Provided records START

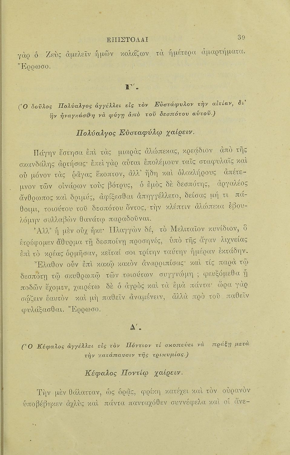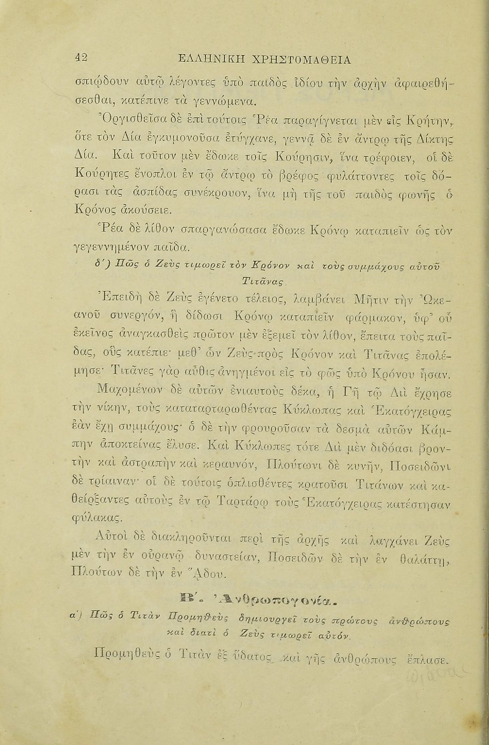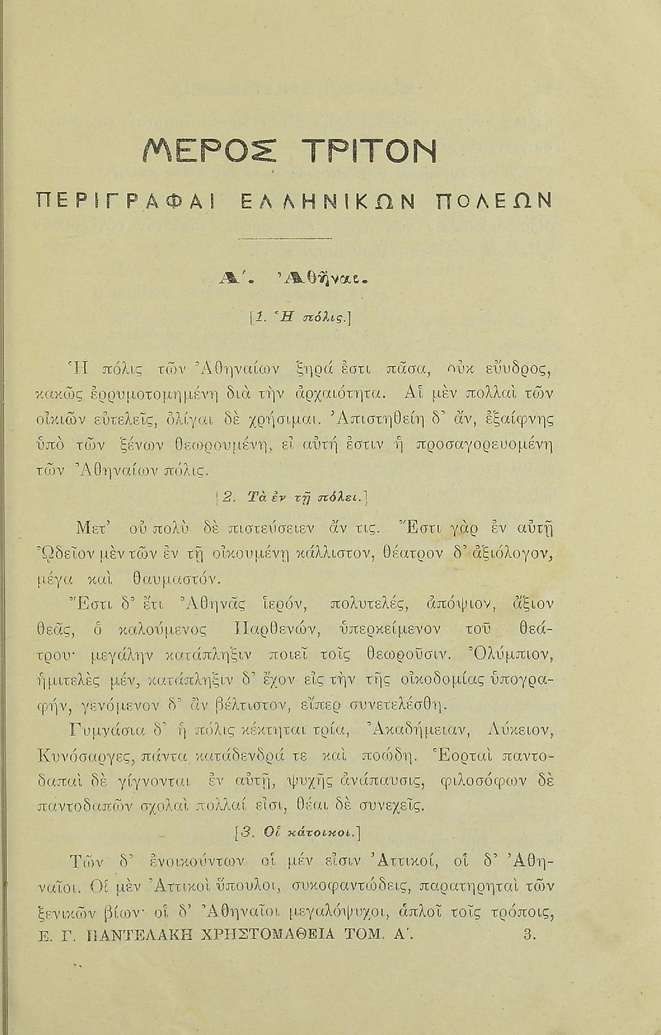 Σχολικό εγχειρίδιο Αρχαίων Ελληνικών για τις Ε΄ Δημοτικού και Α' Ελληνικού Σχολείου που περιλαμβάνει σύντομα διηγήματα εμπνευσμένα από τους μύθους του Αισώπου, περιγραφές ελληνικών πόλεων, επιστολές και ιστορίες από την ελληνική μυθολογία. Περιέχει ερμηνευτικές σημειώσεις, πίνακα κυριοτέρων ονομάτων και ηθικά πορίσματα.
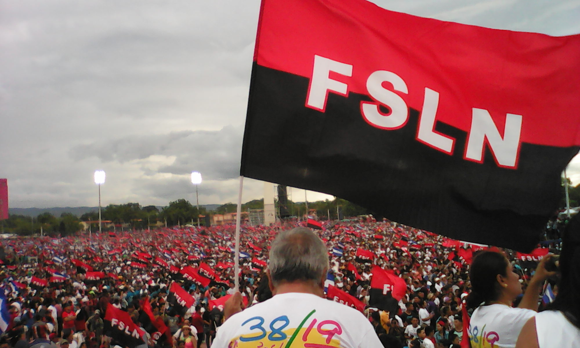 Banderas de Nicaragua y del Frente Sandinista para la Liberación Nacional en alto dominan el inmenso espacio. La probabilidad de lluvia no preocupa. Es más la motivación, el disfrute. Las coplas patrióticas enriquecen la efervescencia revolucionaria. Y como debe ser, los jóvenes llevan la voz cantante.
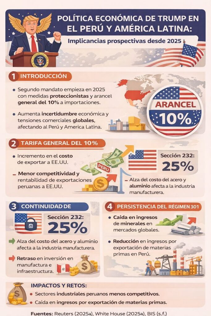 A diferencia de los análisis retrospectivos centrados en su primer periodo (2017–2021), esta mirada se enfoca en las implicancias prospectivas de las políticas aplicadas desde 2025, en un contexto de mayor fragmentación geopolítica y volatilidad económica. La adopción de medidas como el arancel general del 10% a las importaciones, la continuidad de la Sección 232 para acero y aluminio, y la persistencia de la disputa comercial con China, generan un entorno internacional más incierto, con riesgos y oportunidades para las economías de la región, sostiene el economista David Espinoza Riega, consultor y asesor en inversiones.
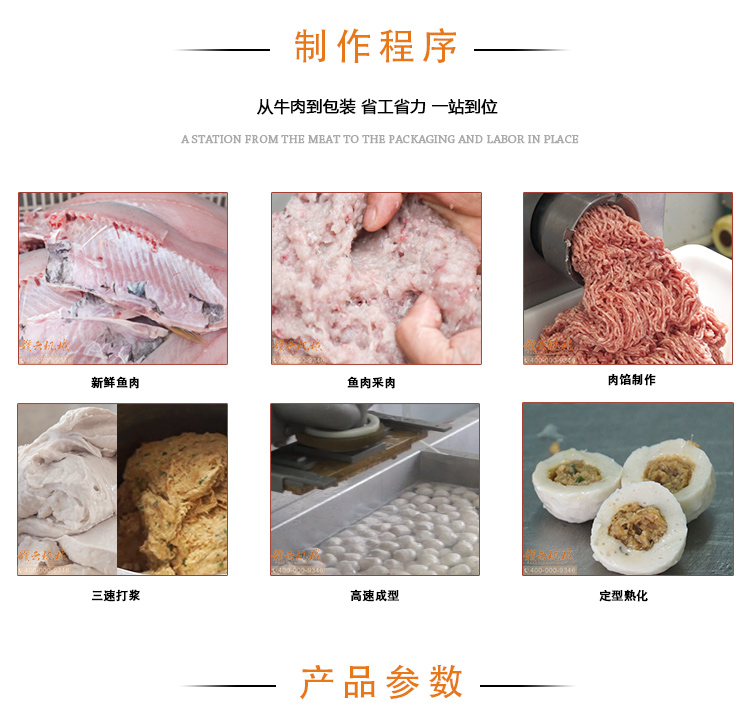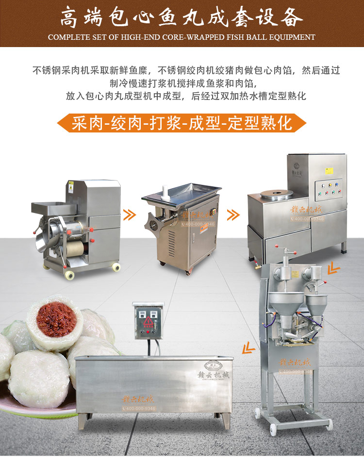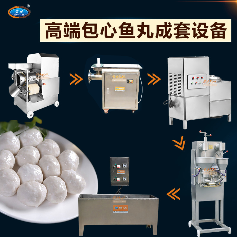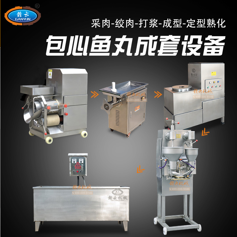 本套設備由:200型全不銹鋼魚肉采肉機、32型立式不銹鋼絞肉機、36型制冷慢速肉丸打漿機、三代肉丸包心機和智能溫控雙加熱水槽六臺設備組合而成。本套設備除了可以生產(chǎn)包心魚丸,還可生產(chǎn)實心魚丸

Provided records END
Provided records START

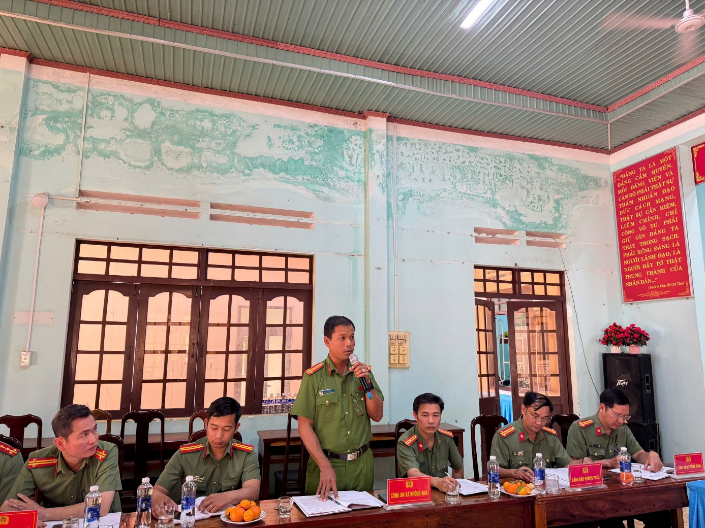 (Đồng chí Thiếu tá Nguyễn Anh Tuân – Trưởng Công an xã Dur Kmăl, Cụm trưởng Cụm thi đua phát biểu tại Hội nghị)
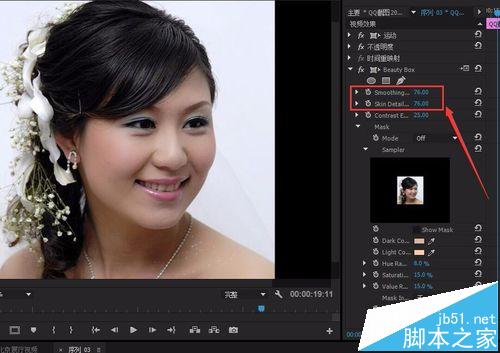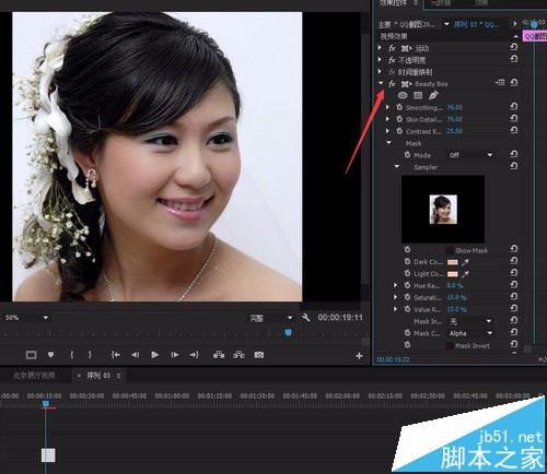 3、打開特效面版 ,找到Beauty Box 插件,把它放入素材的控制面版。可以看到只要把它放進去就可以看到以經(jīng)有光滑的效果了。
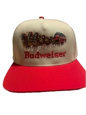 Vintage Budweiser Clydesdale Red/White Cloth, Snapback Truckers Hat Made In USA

Provided records END

Using the records above, print exactly the lines between the ones containing "3、打開特效面版 ,找到Beauty Box" and "Vintage Budweiser Clydesdale", inclusive, and nothing else; no pictures.

* _Solution to this exercise_:
 3、打開特效面版 ,找到Beauty Box 插件,把它放入素材的控制面版。可以看到只要把它放進去就可以看到以經(jīng)有光滑的效果了。
 Vintage Budweiser Clydesdale Red/White Cloth, Snapback Truckers Hat Made In USA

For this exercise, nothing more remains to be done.